Modern Matrix clients leverage OAuth 2.0/OIDC in place of older password flows. A comprehensive OAuth provider was implemented, featuring dynamic client registration, PKCE authorization, RS256-signed JWT tokens, token refresh with rotation, and standard OIDC discovery endpoints.
curl https://matrix.example.com/.well-known/openid-configuration
{
"issuer": "https://matrix.example.com",
"authorization_endpoint": "https://matrix.example.com/oauth/authorize",
"token_endpoint": "https://matrix.example.com/oauth/token",
"jwks_uri": "https://matrix.example.com/.well-known/jwks.json"
}
By pointing Element or any Matrix client to the domain, automatic discovery of all necessary configurations occurs.
Sliding Sync for mobile
Conventional Matrix synchronization often transfers megabytes of data upon initial connection, depleting mobile battery and data plans.

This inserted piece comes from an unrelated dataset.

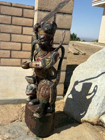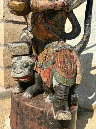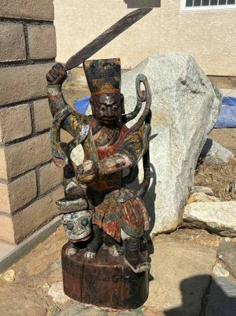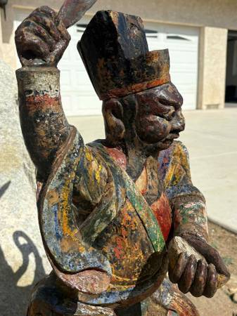 This wooden statue depicts a warrior wielding a sword and riding a mythical creature. Intricately carved, with vibrant color details Likely early 20th century, in excellent condition for its age...

Sliding Sync enables clients to request only essential data. Rather than downloading all information, clients receive the 20 most recent rooms with minimal state. As users scroll, additional ranges are requested, and the server tracks their position, sending only deltas.
When combined with edge execution, mobile clients can connect and display their room list in under 500ms, even on slower networks.
The comparison
For a homeserver catering to a small team, a comparison reveals:
Traditional (VPS)
Workers
Monthly cost (idle)
$20-50
<$1
Monthly cost (active)
$20-50
$3-10
Global latency
100-300ms
20-50ms
Time to deploy
Hours
Seconds
Maintenance
Weekly
None
DDoS protection
Additional cost
Included
Post-quantum TLS
Complex setup
Automatic
*Based on public rates and metrics published by DigitalOcean, AWS Lightsail, and Linode as of January 15, 2026.
The economic benefits become even more pronounced at scale. Traditional deployments necessitate capacity planning and over-provisioning, whereas Workers scale automatically.
The future of decentralized protocols
This project began as an experiment to determine if Matrix could operate on Workers. It demonstrated that it can, and this approach is applicable to other stateful protocols as well.
By mapping traditional stateful components to Cloudflare’s primitives—Postgres to D1, Redis to KV, and mutexes to Durable Objects—it becomes evident that complex applications do not require complex infrastructure. The operating system, database management, and network configuration were removed, leaving only the application logic and the data itself.
Workers provides the autonomy of data ownership without the overhead of infrastructure management.
The implementation has been an ongoing experiment, and contributions from others interested in this type of service are welcomed.